The only difficulty I had in doing this was when I ran into one fiasco of a bug, owing to worse-than-poor documentation on the part of Unity. You can see, in the documentation for Graphics.DrawMeshInstanced, the documentation stating that "meshes are not culled by the view frustum." OK first off, a frustum is a geometric primitive that doesn't cull anything, and secondly, my meshes were in fact subject to undocumented and difficult-to-reverse-engineer frustum culling. It turns out that the way to control the volume that is checked during the frustum cull is to set the bounds parameter of the Piglet Mesh to the maximum possible bounds of the mesh you're truly drawing once everything has gone through your vertex shader. If you're like me, and you haven't played around with Unity's Mesh class extensively, and you didn't know that has a stateful bounding box member, I have likely saved you several hours. Unity, please fix this! You have powerful graphics capabilities now, but stuff like this will scare people away!
The optimal number of vertices to use for each instance is TBD, but I've found that between 100 and 1000 works quite well. I also don't have any performance measurements other than "just peachy."

If you're looking for a Unity project you can quickly download and play with, I'm afraid I don't have that. Fortunately, the talented Keijiro Takahashi has many. NoiseBall is a nice small example. Some exercises you can do with it are:
  • Replace the surface shader with a vertex and fragment shader.
  • Replace the call to DrawMeshInstancedIndirect with a call to DrawMeshInstanced
  • Increase the number of triangles per instance
  • Replace the position/normal buffers filled by NoiseBall2.compute with buffers filled by C# code.
  • Make a whole videogame

I hope this has been an informative learning adventure! Bookmark this blog and click it every month or so for updates. Or, follow me on twitter for more frequent and somewhat stupider updates.

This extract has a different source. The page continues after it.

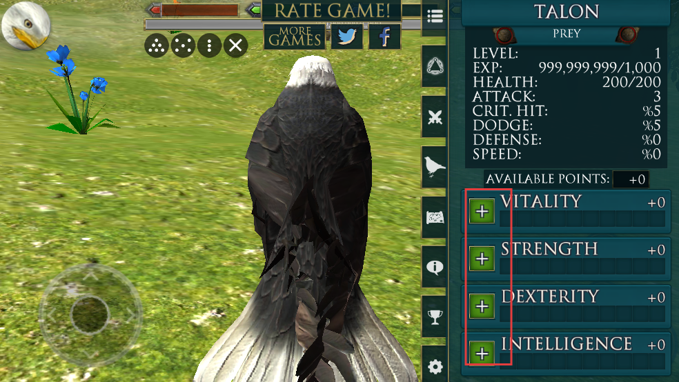 4、捕猎结束后,进入老鹰属性界面,可看到活力、力量、敏捷、智力等属性栏,根据需求点击“+”号为老鹰分配属性点。
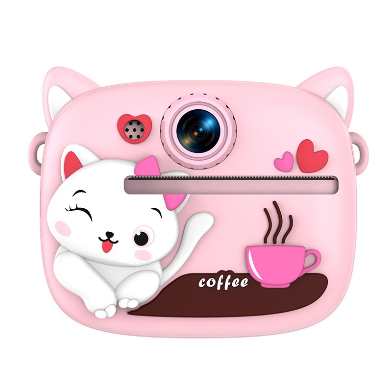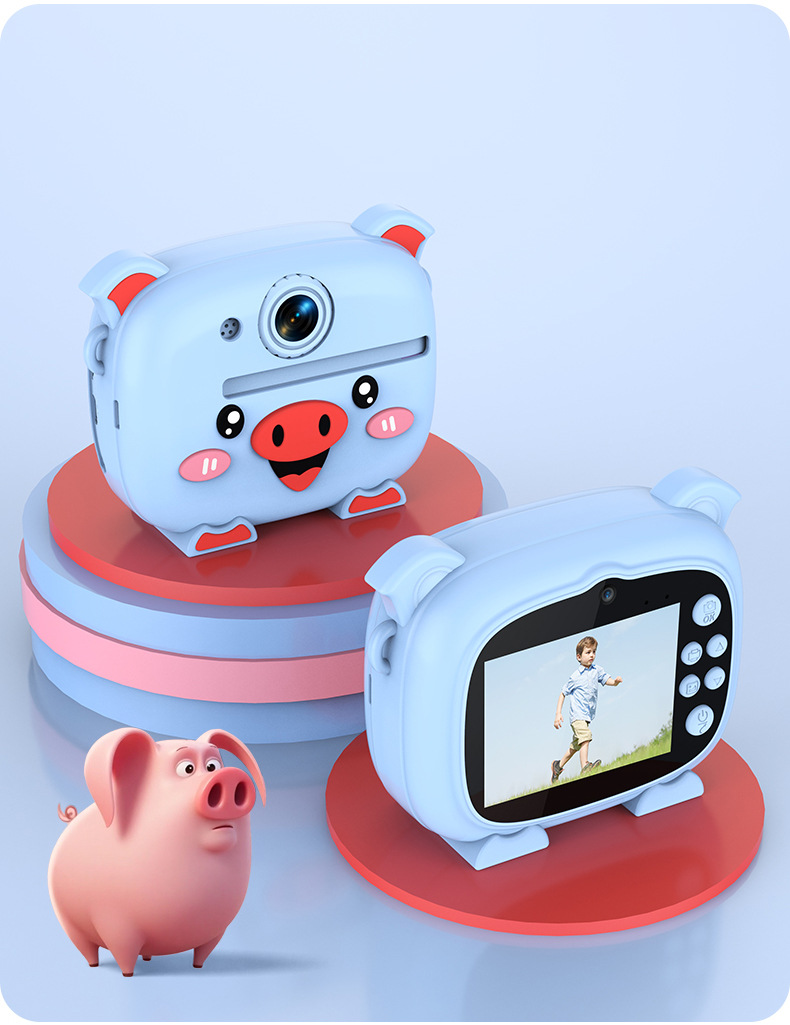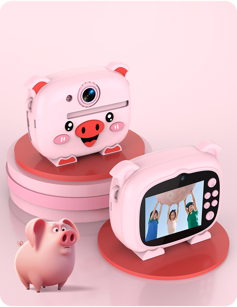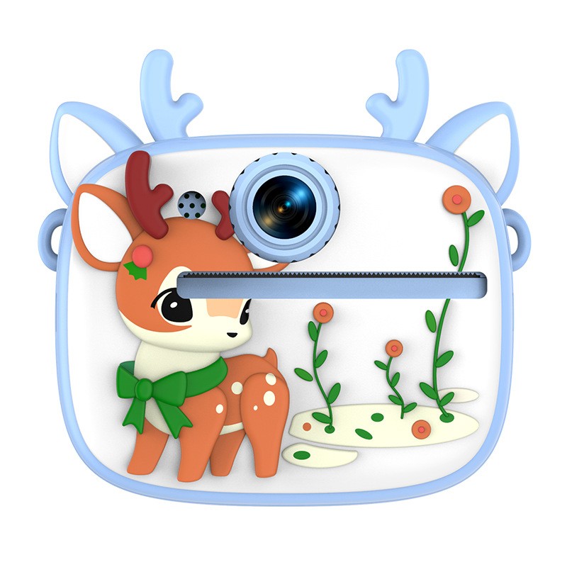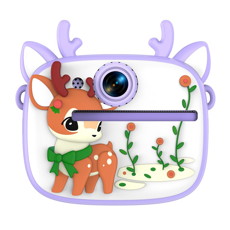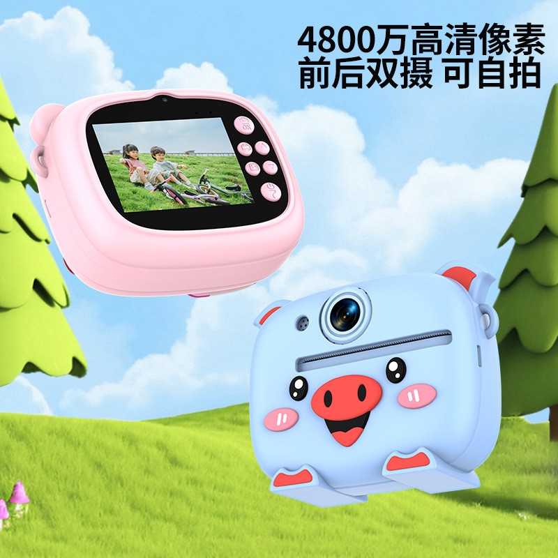 New model children's instant camera can take photos. It comes with a silicone protective cover and can print high-definition pictures. It has dual cameras for taking frontal and rear shots and is capable of recording videos. It is a children's camera YS2

*For first time readers: this blog details the development of a system to render lots of textured, grid-aligned cubes, like you might see in Minecraft. For technical reasons, I call them "Cubes" instead of voxels. I do not think this distinction is particularly important, but I'm tired of seeing this topic disrupt the IRCs I frequent.
**Side length of a cube within a cube-based game system. Partly for wordplay, partly because I think 1 cube length = 0.5 meters is a good scale to use.
***Ironically, this is one thing that stb_voxel_render does not allow you to store per-cube-face, though this is planned for a future release.